Отсутствие государства и врождённая к нему неспособность, как и отсутствие отечества и тоже неспособность «иметь своё отечество», и есть источник индивидуального могущества евреев и их успехов во всех странах на всех поприщах. Та колоссальная энергия и неизмеримое по протяженности прилежание, какое русские и французы тратили на своих «Петров» и «Людовиков», на «губернии» и «департаменты», на канцелярии и статское советничество, — евреями никуда не была израсходована: и брошена в частные дела, частную предприимчивость. И в то время как у нас в каждом личном деле теплится свечечка, у них пылает костёр.
Почему вы пристали к душе моей и пристали к душе каждого писателя, что он должен НЕНАВИДЕТЬ ГОСУДАРЯ.
Пристали с тоской, как шакалы, воющие у двери. Не хочу я вас, не хочу я вас. <...> Я русский. Оставьте меня. Оставьте нас русских и не подкрадывайтесь к нам с шёпотом:
— Вы же ОБРАЗОВАННЫЙ ЧЕЛОВЕК и писатель и должны ненавидеть это подлое правительство.

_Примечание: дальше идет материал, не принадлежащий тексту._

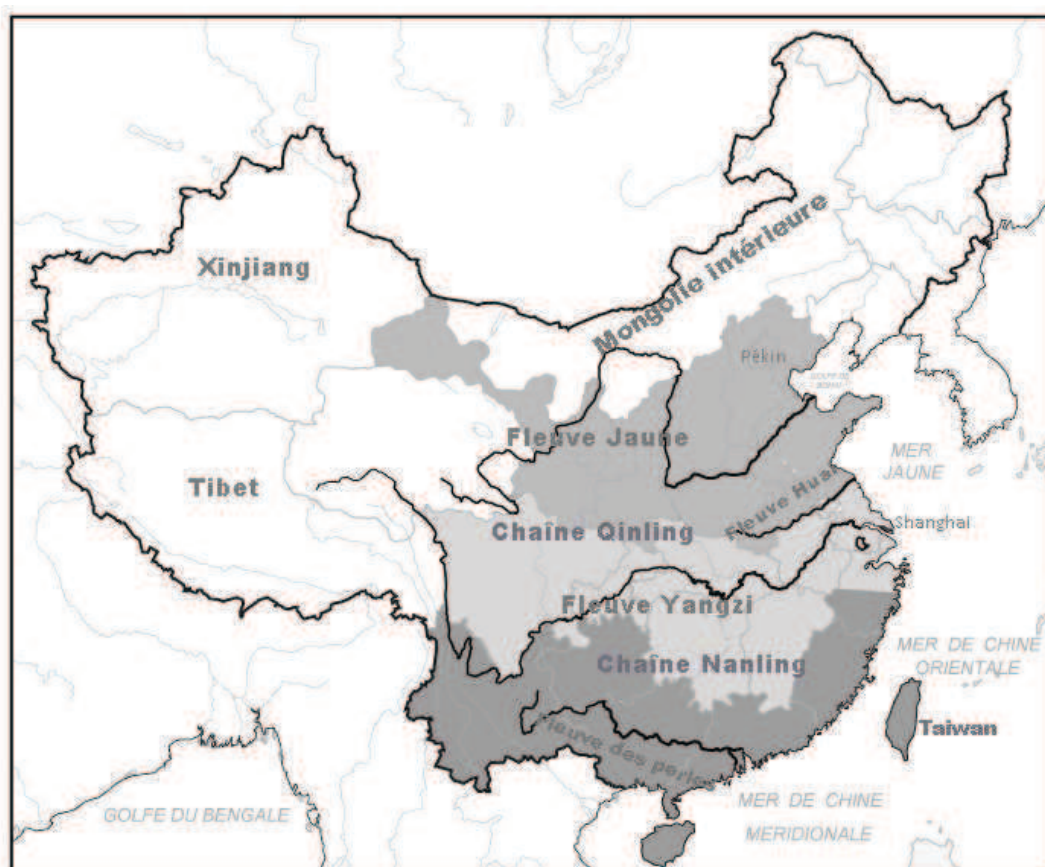
C 1-2 Les trois zones géoculturelles 5

Dans l'histoire, la Chine a connu cinq grandes migrations des «汉 Han» du nord au sud qui furent toutes causées par l'incursion des nomades. La principale raison de l'incursion réside dans la quête du pouvoir, de la richesse et du territoire. Entre les pâturages des tribus nomades et les champs des «汉 Han», il n'existe pas d'écran

— Я образованный человек, даже Бокля читал, но УВАЖАЮ ПРАВИТЕЛЬСТВО, и убирайтесь к черту. Я не правительство считаю подлым, а вас считаю подлыми, отвратительные гиены.
Два случая я знал, когда мужчина женился «на деньгах», — и оба кончились необыкновенным счастьем и полной любовью. <...> Толстой это первый рассмотрел в жизни и подробно описал в «Войне и мире» (брак Николая Ростова и княжны Marie Болконской). Но это вообще нередко так. Любовь и счастье, очевидно, может рождаться просто из «сожительства», из полового сближения мужчины и женщины, после того как «деньги сосчитаны». Тогда ведь, пока считали, — очевидно, ещё любви и привязанности не было. Но потом пошло «день за днём», «мелочи сегодня», «мелочи завтра», — прихворнул муж — и вот жена испугалась, захлопотала, всего обдала негой и заботой; неприятность по службе — она утешила; он её «приголубил» во время беременности, «поберёг» от труда, да и от своих удовольствий: и, глядишь, родилось уважение, родилась привязанность и, наконец, полная любовь.<...> Потому-то не надо особенно долго «рассуждать» о браке, «построять теоретически будущее счастье», а — «поскореече жениться», едва девушка (или вдова) «приглянулась», «подходит», «мне приятно с ней говорить». Этому препятствует «нерасторжимость» у христиан брака, которая вообще всё испортила, произведя испуг перед «вечным несчастием» (картина, — многолетняя, — неудачного брака для всех окружающих). <...> Но вообще чем далее — тем положение брака трагичнее, печальнее и страшнее.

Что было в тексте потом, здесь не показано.